Aim of the exercise: Only the lines below from the one with "For estimating distortion, you" through the one with "Diese Ferienwohnung mit" are to be written out, exactly and without any images.

Available data:

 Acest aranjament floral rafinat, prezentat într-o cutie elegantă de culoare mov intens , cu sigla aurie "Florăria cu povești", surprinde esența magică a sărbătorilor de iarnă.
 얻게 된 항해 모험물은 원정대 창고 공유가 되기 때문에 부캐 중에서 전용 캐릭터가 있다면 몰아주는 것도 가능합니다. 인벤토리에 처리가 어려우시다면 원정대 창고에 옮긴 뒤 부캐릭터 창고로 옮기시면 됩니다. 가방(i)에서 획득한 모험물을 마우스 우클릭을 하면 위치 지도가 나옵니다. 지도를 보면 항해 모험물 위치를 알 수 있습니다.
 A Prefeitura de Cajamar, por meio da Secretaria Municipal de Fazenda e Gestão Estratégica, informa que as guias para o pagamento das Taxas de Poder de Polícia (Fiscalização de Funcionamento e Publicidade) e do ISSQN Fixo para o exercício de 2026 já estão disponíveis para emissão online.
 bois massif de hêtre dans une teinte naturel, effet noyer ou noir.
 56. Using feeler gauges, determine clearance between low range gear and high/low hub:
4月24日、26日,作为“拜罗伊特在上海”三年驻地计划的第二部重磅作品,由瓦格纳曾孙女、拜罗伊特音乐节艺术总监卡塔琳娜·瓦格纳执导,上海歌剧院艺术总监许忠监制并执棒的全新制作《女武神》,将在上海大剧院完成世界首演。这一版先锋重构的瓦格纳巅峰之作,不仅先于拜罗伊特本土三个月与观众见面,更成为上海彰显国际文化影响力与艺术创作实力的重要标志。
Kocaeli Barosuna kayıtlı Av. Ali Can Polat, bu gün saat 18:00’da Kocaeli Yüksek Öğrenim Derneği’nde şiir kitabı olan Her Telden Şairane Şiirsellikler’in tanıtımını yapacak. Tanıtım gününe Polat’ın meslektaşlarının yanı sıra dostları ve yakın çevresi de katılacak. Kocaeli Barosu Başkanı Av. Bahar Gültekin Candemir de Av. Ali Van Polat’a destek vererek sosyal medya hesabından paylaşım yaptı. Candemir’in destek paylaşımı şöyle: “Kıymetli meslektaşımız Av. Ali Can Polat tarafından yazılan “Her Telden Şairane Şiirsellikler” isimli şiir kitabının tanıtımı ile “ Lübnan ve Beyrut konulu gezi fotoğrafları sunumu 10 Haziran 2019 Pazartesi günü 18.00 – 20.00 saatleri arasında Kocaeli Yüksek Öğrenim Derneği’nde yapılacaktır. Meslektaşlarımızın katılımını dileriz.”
---
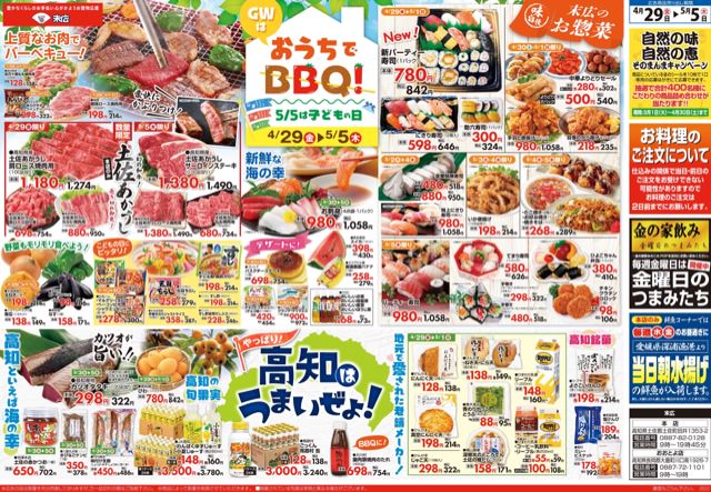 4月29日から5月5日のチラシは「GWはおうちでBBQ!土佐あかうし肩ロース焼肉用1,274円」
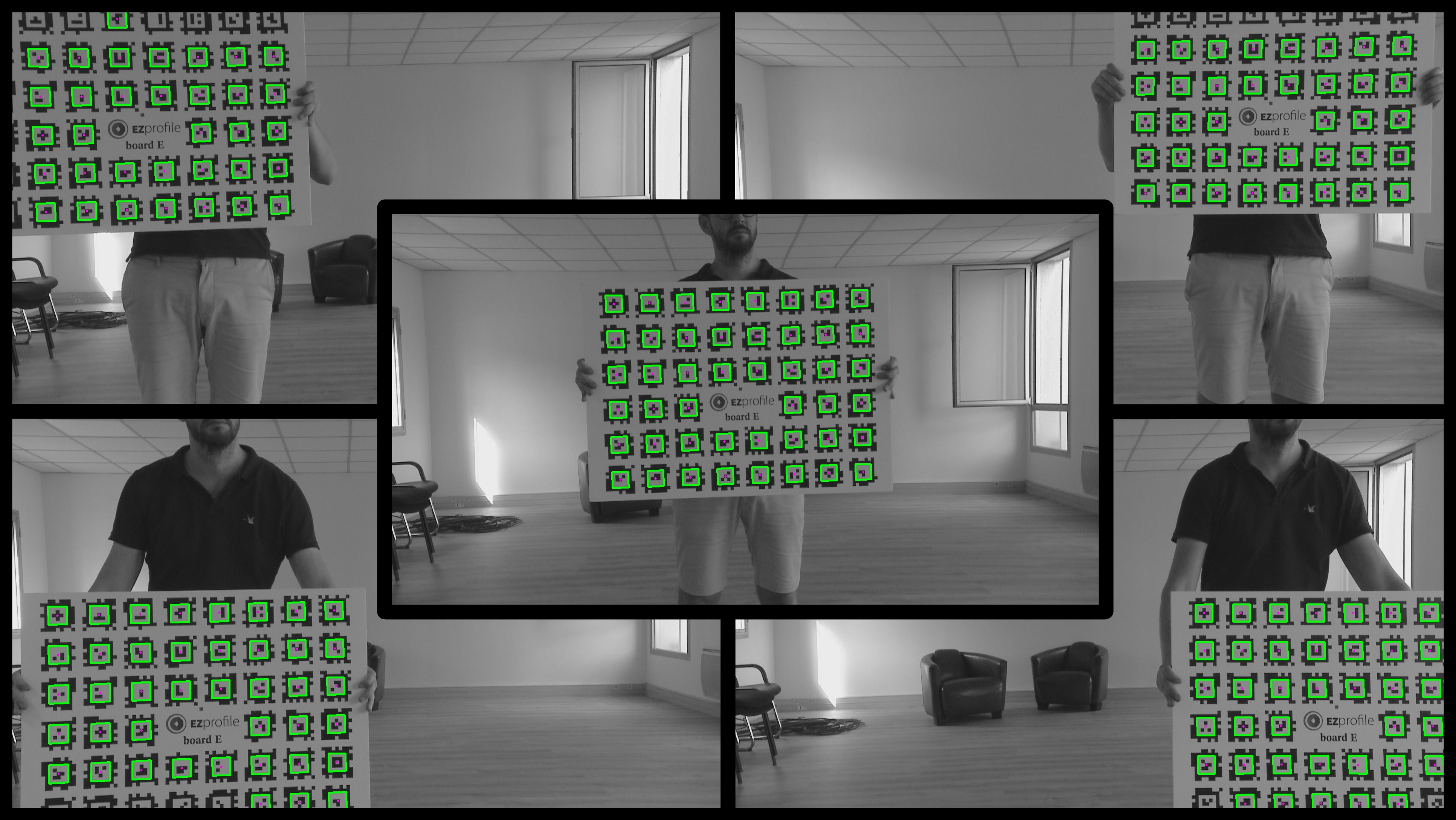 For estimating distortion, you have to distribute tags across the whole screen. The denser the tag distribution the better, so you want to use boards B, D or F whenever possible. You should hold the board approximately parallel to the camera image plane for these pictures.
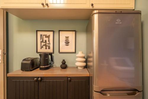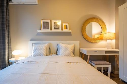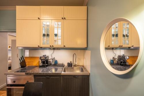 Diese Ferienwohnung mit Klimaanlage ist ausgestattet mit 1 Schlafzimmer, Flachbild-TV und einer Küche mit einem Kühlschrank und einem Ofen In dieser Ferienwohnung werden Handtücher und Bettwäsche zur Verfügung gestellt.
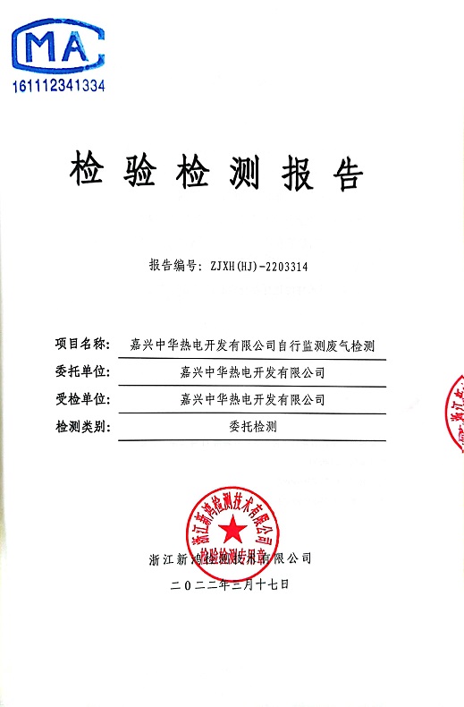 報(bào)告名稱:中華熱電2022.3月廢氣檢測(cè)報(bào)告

Response to this task:
 For estimating distortion, you have to distribute tags across the whole screen. The denser the tag distribution the better, so you want to use boards B, D or F whenever possible. You should hold the board approximately parallel to the camera image plane for these pictures.
 Diese Ferienwohnung mit Klimaanlage ist ausgestattet mit 1 Schlafzimmer, Flachbild-TV und einer Küche mit einem Kühlschrank und einem Ofen In dieser Ferienwohnung werden Handtücher und Bettwäsche zur Verfügung gestellt.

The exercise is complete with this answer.